● WORK TO BE COMPLETED
Word for word, please copy the listing below, with its pictures left out.

● DATA FOR REVIEW

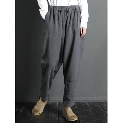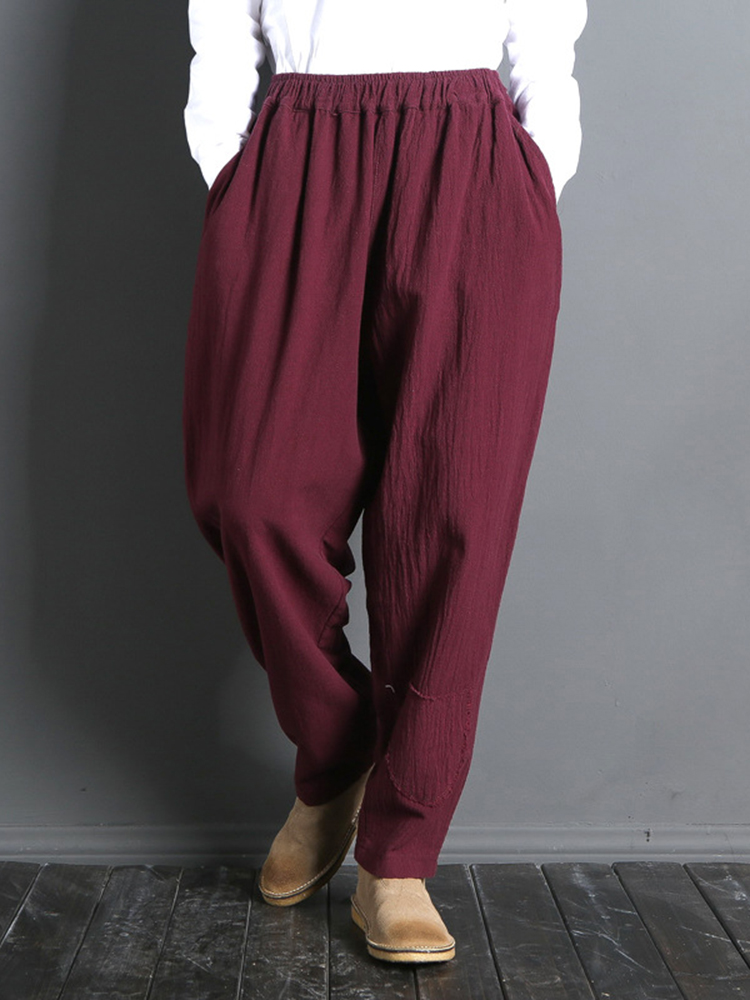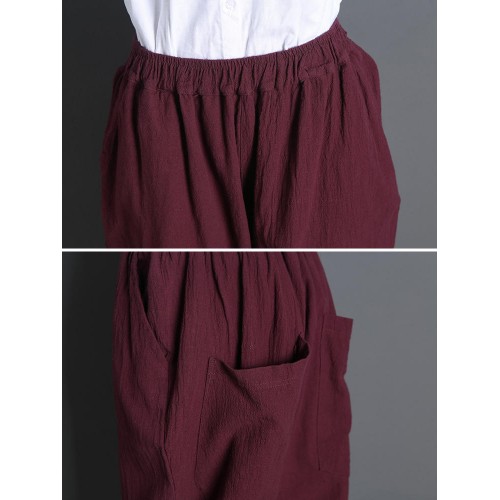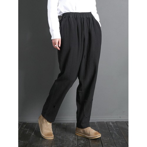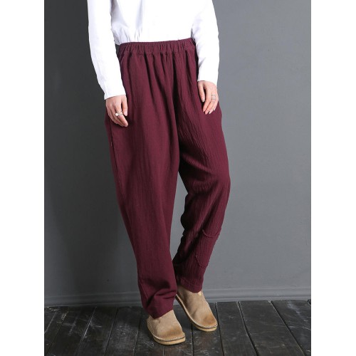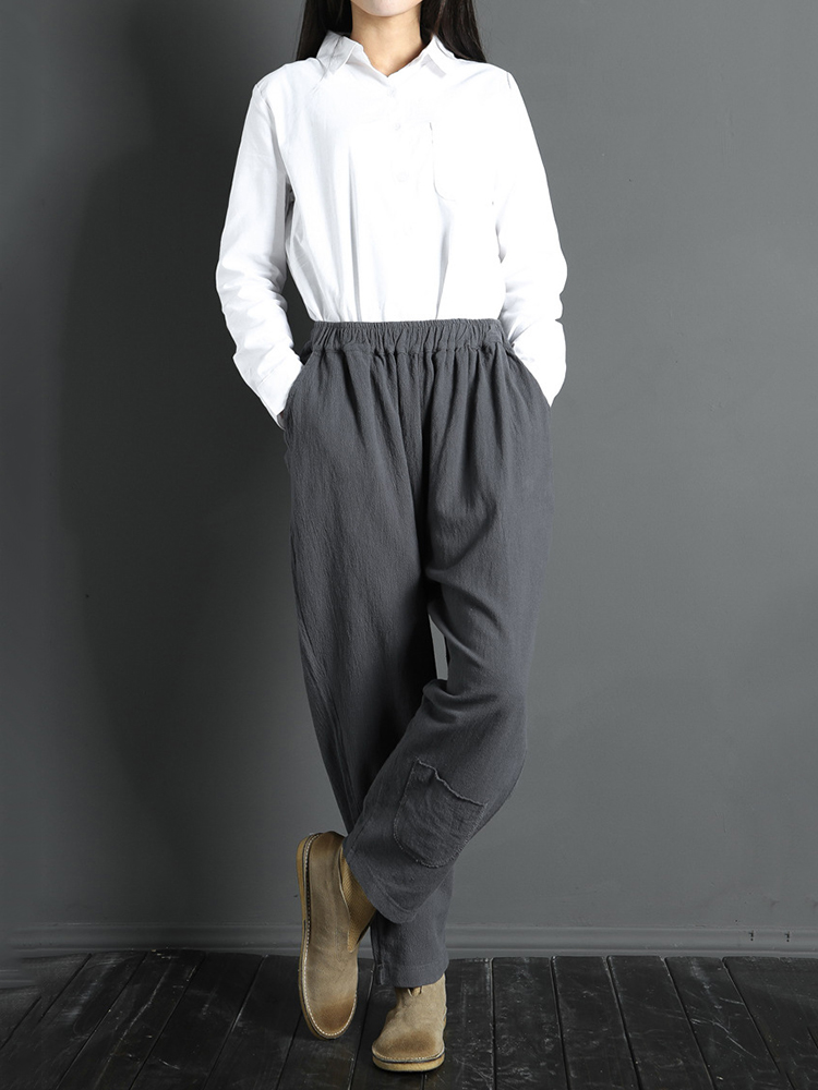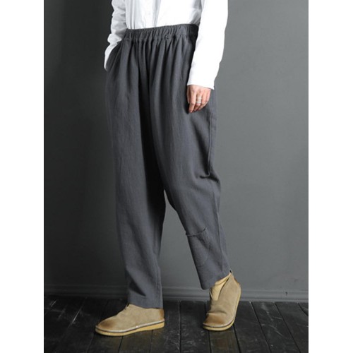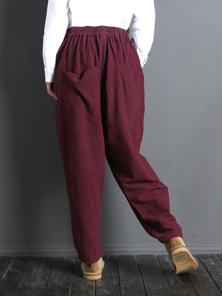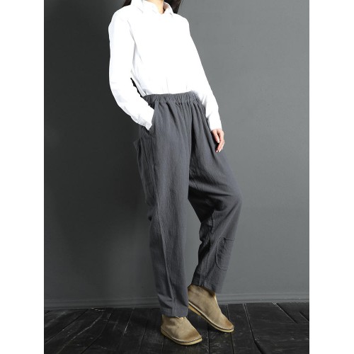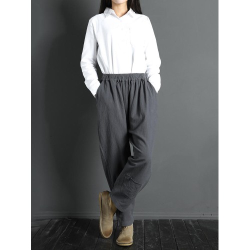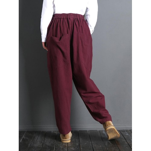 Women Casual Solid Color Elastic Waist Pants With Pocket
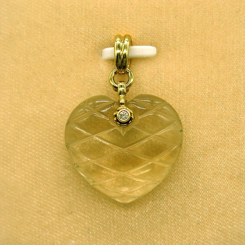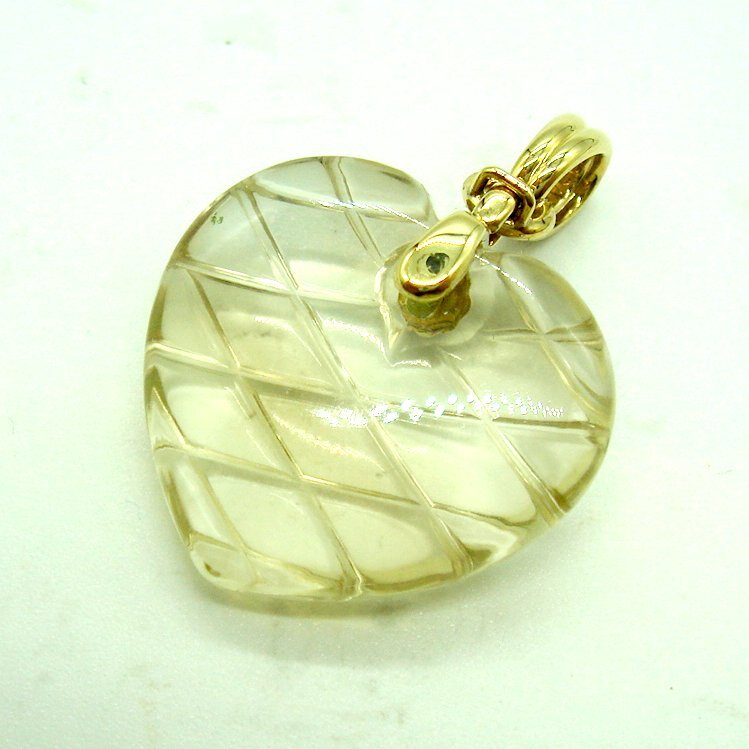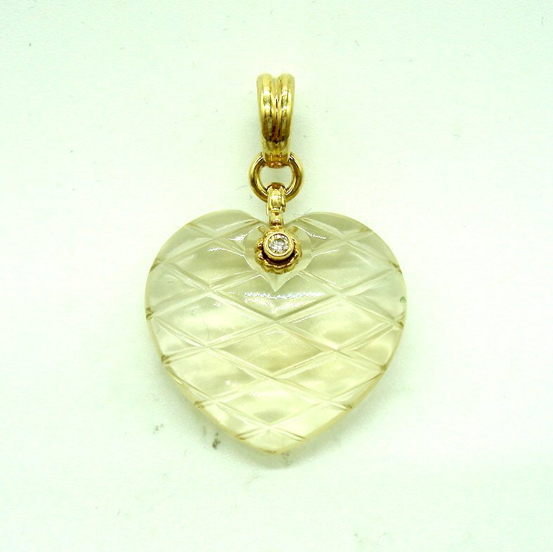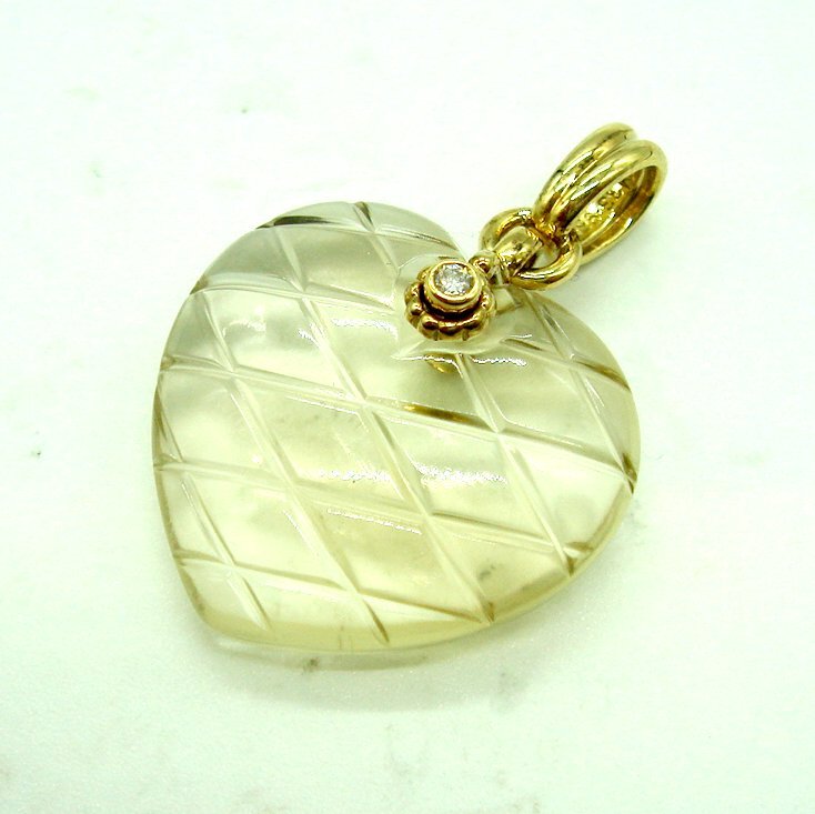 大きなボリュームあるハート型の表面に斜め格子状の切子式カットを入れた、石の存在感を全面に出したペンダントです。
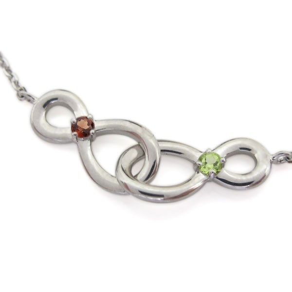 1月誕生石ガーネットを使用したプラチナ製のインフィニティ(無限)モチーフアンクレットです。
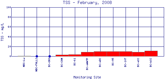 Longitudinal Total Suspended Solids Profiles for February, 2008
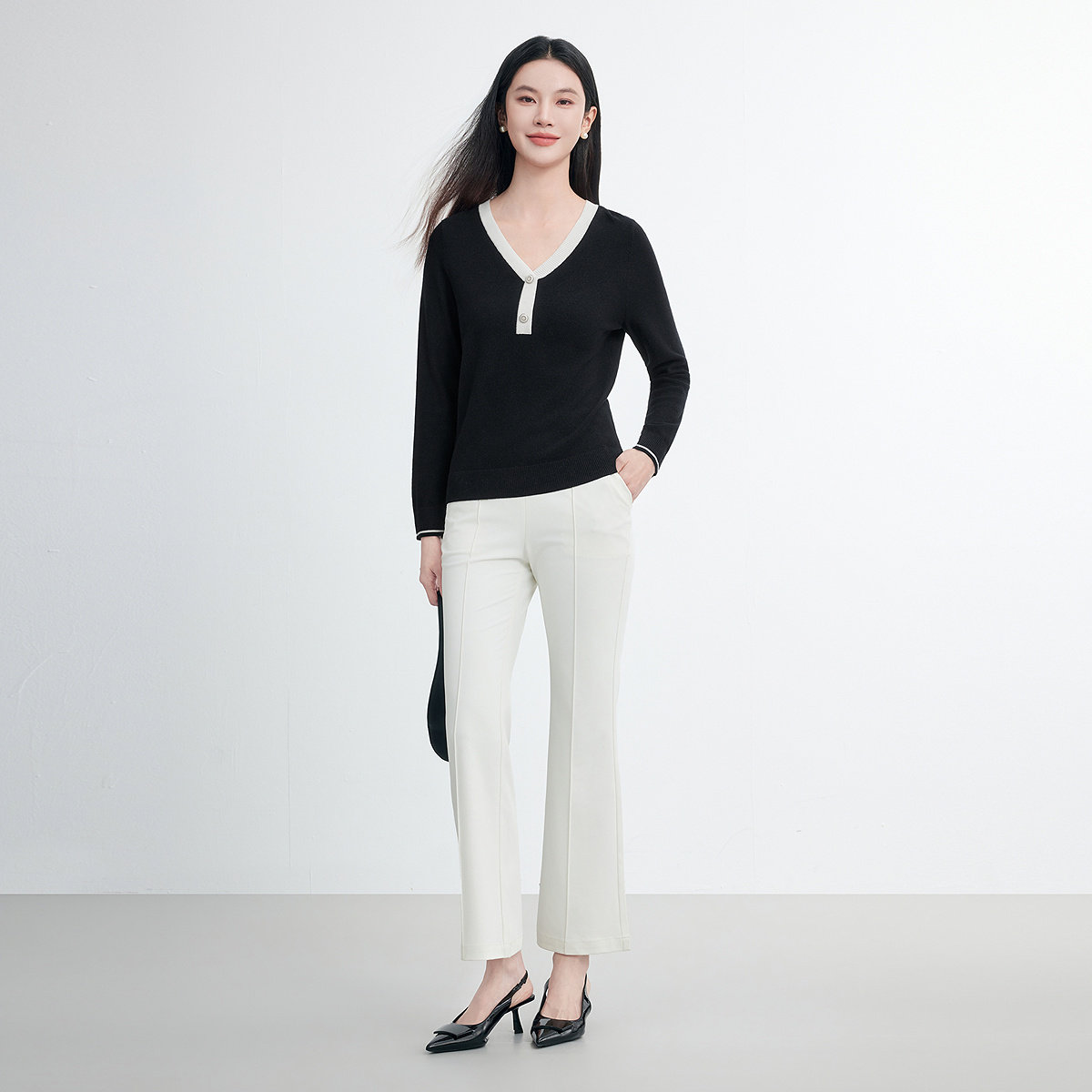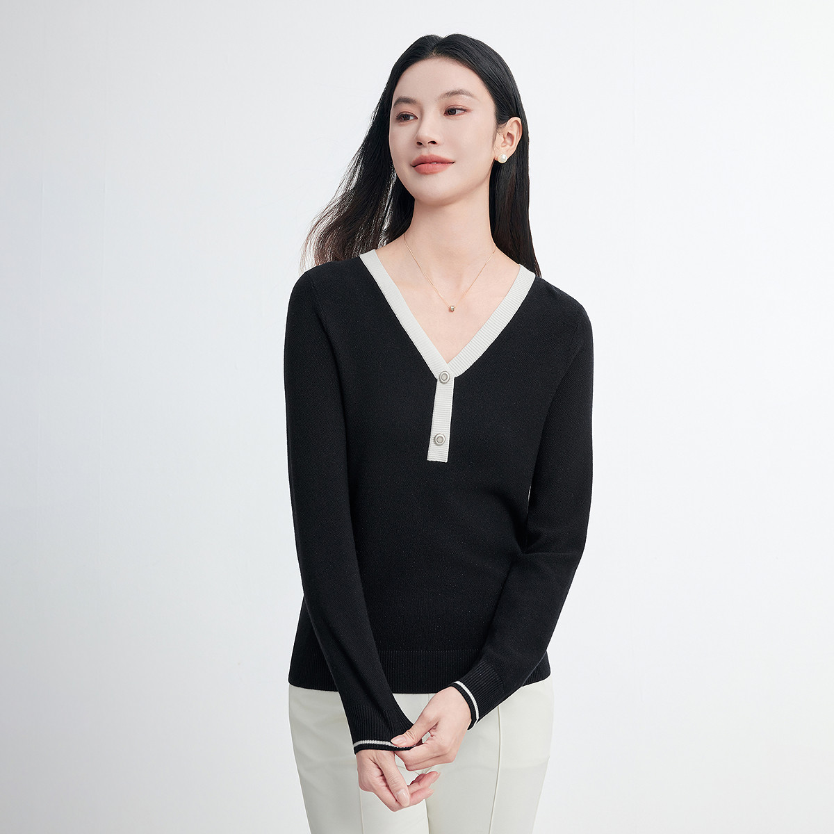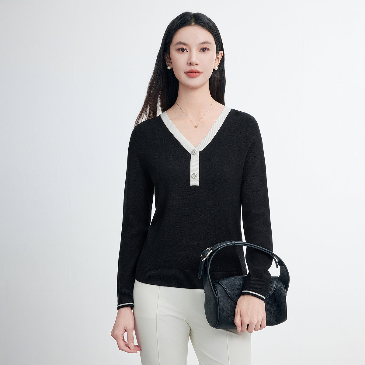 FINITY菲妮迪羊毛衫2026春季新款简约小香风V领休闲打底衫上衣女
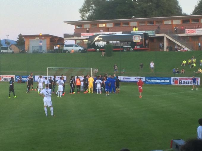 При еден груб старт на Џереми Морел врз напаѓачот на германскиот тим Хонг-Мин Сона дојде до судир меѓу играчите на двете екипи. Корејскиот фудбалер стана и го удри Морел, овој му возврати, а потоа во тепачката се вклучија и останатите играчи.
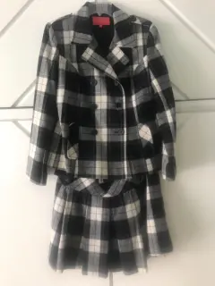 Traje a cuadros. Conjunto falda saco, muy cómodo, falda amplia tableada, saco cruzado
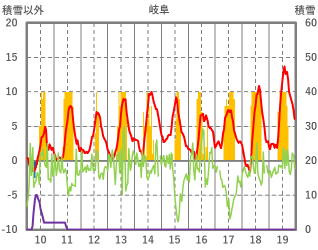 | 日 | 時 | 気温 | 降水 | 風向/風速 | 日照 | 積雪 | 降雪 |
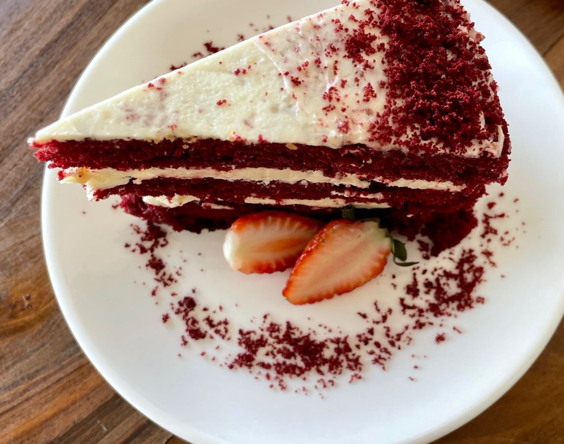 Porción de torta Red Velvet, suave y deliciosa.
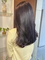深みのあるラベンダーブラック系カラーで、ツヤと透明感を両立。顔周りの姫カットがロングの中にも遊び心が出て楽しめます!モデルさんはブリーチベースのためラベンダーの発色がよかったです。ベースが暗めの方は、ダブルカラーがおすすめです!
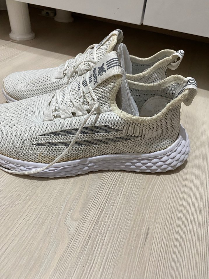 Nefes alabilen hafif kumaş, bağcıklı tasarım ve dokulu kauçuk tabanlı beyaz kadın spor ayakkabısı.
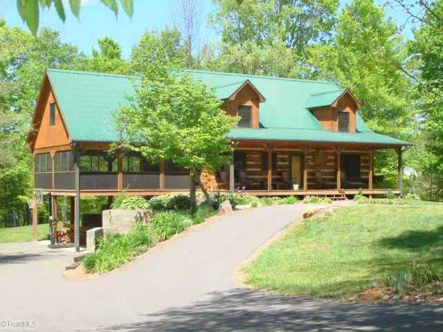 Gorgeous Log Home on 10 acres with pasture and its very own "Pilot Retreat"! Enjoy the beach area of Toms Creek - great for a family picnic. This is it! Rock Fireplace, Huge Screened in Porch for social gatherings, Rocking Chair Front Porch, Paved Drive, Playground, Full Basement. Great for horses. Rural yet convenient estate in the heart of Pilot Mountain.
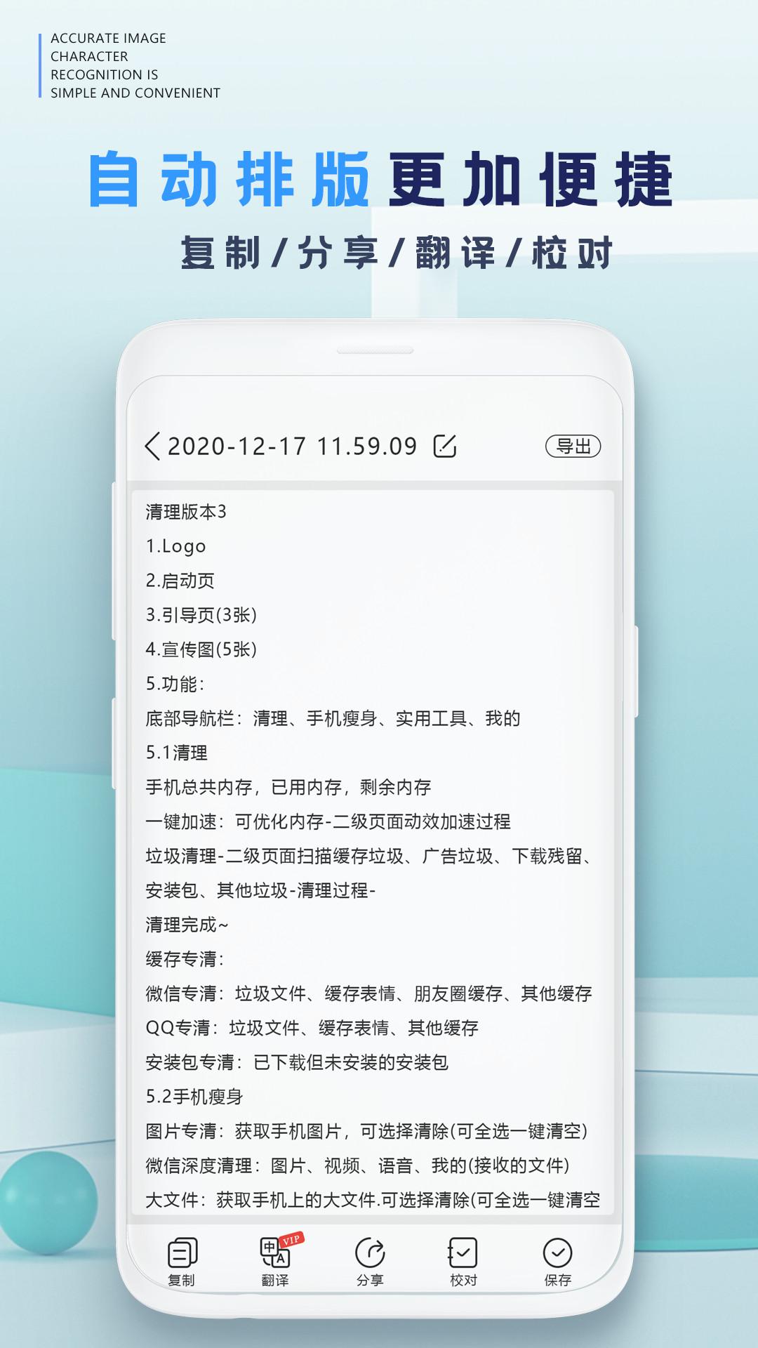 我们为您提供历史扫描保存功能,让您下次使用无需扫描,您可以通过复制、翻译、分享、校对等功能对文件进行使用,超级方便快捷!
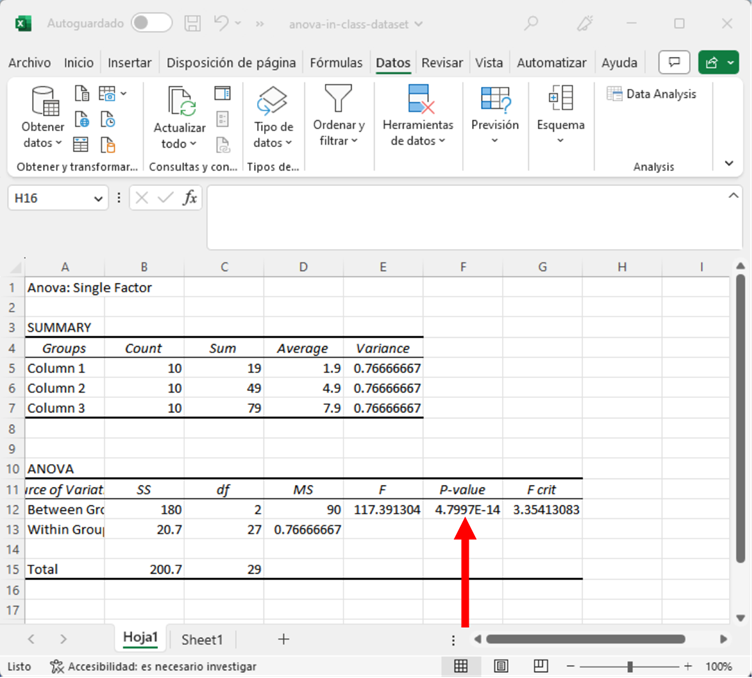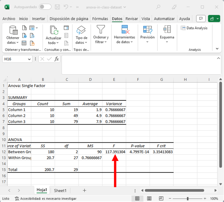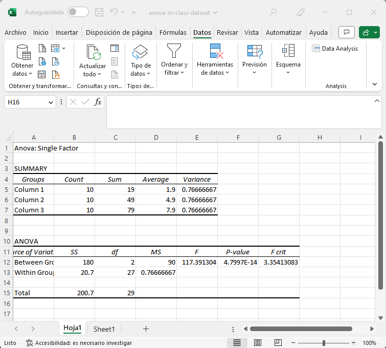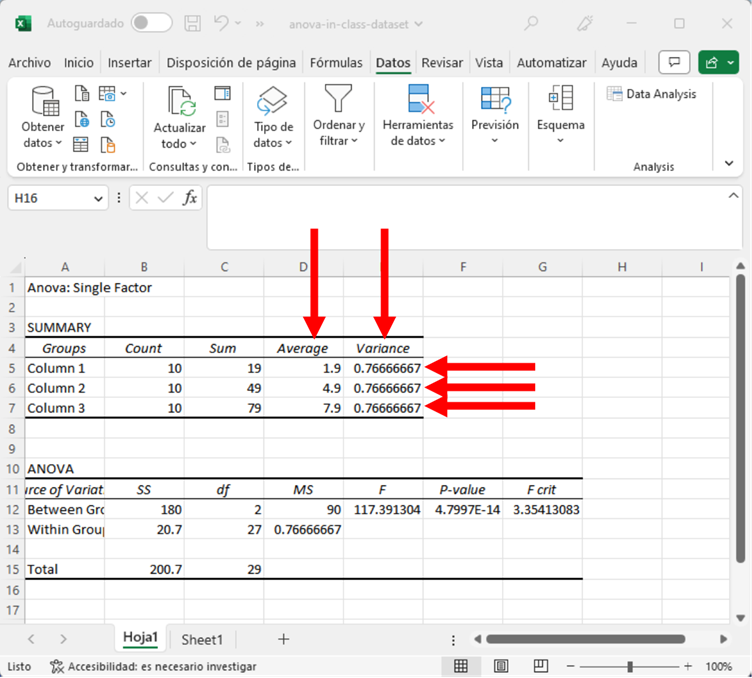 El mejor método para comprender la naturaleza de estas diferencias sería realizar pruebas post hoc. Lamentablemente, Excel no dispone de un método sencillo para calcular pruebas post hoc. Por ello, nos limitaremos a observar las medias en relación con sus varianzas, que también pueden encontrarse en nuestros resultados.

● TASK RESPONSE
 Women Casual Solid Color Elastic Waist Pants With Pocket
 大きなボリュームあるハート型の表面に斜め格子状の切子式カットを入れた、石の存在感を全面に出したペンダントです。
 1月誕生石ガーネットを使用したプラチナ製のインフィニティ(無限)モチーフアンクレットです。
 Longitudinal Total Suspended Solids Profiles for February, 2008
 FINITY菲妮迪羊毛衫2026春季新款简约小香风V领休闲打底衫上衣女
 При еден груб старт на Џереми Морел врз напаѓачот на германскиот тим Хонг-Мин Сона дојде до судир меѓу играчите на двете екипи. Корејскиот фудбалер стана и го удри Морел, овој му возврати, а потоа во тепачката се вклучија и останатите играчи.
 Traje a cuadros. Conjunto falda saco, muy cómodo, falda amplia tableada, saco cruzado
 | 日 | 時 | 気温 | 降水 | 風向/風速 | 日照 | 積雪 | 降雪 |
 Porción de torta Red Velvet, suave y deliciosa.
深みのあるラベンダーブラック系カラーで、ツヤと透明感を両立。顔周りの姫カットがロングの中にも遊び心が出て楽しめます!モデルさんはブリーチベースのためラベンダーの発色がよかったです。ベースが暗めの方は、ダブルカラーがおすすめです!
 Nefes alabilen hafif kumaş, bağcıklı tasarım ve dokulu kauçuk tabanlı beyaz kadın spor ayakkabısı.
 Gorgeous Log Home on 10 acres with pasture and its very own "Pilot Retreat"! Enjoy the beach area of Toms Creek - great for a family picnic. This is it! Rock Fireplace, Huge Screened in Porch for social gatherings, Rocking Chair Front Porch, Paved Drive, Playground, Full Basement. Great for horses. Rural yet convenient estate in the heart of Pilot Mountain.
 我们为您提供历史扫描保存功能,让您下次使用无需扫描,您可以通过复制、翻译、分享、校对等功能对文件进行使用,超级方便快捷!
 El mejor método para comprender la naturaleza de estas diferencias sería realizar pruebas post hoc. Lamentablemente, Excel no dispone de un método sencillo para calcular pruebas post hoc. Por ello, nos limitaremos a observar las medias en relación con sus varianzas, que también pueden encontrarse en nuestros resultados.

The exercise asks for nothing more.